Figure 2 CRISPR/Cas9 genome editing of NtFT5 in N. tabacum cv. SR1 and identification of induced mutations in T0 plants. (A) Location of the NtFT5-specific protospacer and the protospacer adjacent motif (PAM) on the antisense DNA strand in the 147–169 bp region of exon I. Exons are shown as boxes, introns as lines. The underlines indicate triplets corresponding to amino acids. (B) PCR-based screening of three independent transgenic T0 lines (L1–L3) for mutated allelic variants of NtFT5. NtFT5 (exon I) was amplified using the primer combination listed in Supplemental Table S1, single amplicons were transferred to pCRII-TOPO and sequenced (n = 15 per line). Point mutations (mut), insertions and deletions are highlighted in red letters. (C) Sequence alignment of native NtFT5 with the protein variants encoded by the identified mutated alleles. Red letters indicate amino acid substitutions and red stops indicate premature termination. (D) Experimental workflow of NtFT5 knockout analysis under LD conditions. Flowering T0 plant L2 was chosen for detailed characterization. In the T1 generation (n = 107) all characterized individuals lacking the cas9 gene (n = 7) were non-flowering and showed a nullizygous Ntft5– genotype. T1 plant #78 was representatively selected for backcrossing, and flowering was induced by grafting onto wild-type (NtFT5+) rootstock. After pollination using a wild-type donor, heterozygous Ntft5–/NtFT5+ plants of the first backcross generation (BC1, n = 4) flowered and one of these (#2) was randomly self-fertilized. Detailed phenotyping of non-flowering nullizygous Ntft5– plants and flowering NtFT5+ and Ntft5–/NtFT5+plants was finally carried out in the second backcross generation (BC2).

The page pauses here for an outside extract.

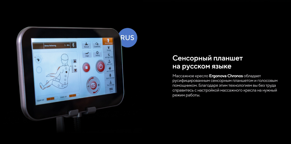 Ergonova Chronos создан для тех, кто любит глубокий качественный массаж и не готов идти на компромиссы. Впечатляюще широкий набор массажных техник, флагманский 4D-массаж, уникальные автопрограммыи премиальные материалы.

Stable transformation of tobacco plants using the construct described above yielded several independent transgenic T0 plant lines, all of which carried an integrated copy of the cas9 transgene as part of the introduced T-DNA, providing the basis for NtFT5 editing (Supplementary Figure S1A). Three of these lines (L1–L3) were analyzed to determine their genotype. Given that these plants were likely to be chimeras due to ongoing Cas9 activity, we sequenced various single PCR amplicons of the genomic NtFT5 locus, focusing on the corresponding part in exon I. Accordingly, mutated allele variants of NtFT5 were identified in all three lines, indicating that genome editing was successful. The induced mutations were indels of –2, –1 and +1 bp at the chosen target site. L1 and L3 carried multiple mutant alleles whereas only L2 also carried the wild-type NtFT5 allele (Figure 2B). Alignment of the native NtFT5 protein and its new allelic variants showed that the induced mutations led to early stop codons resulting in truncated proteins of different lengths (Figure 2C). However, the identification of more than two different allele variants per line confirmed the chimeric nature of the T0 plants and we therefore selected only cas9-free NtFT5 knockout individuals for phenotypic analysis in subsequent plant generations. Accordingly, the following experiments (the workflow is shown in Figure 2D) were performed with the offspring of one NtFT5 knockout T0 plant (L2) since L1 and L3 were non-flowering. L2 still flowered, probably reflecting the presence of the wild-type NtFT5 allele, but the production of fertile flowers was delayed under LD conditions.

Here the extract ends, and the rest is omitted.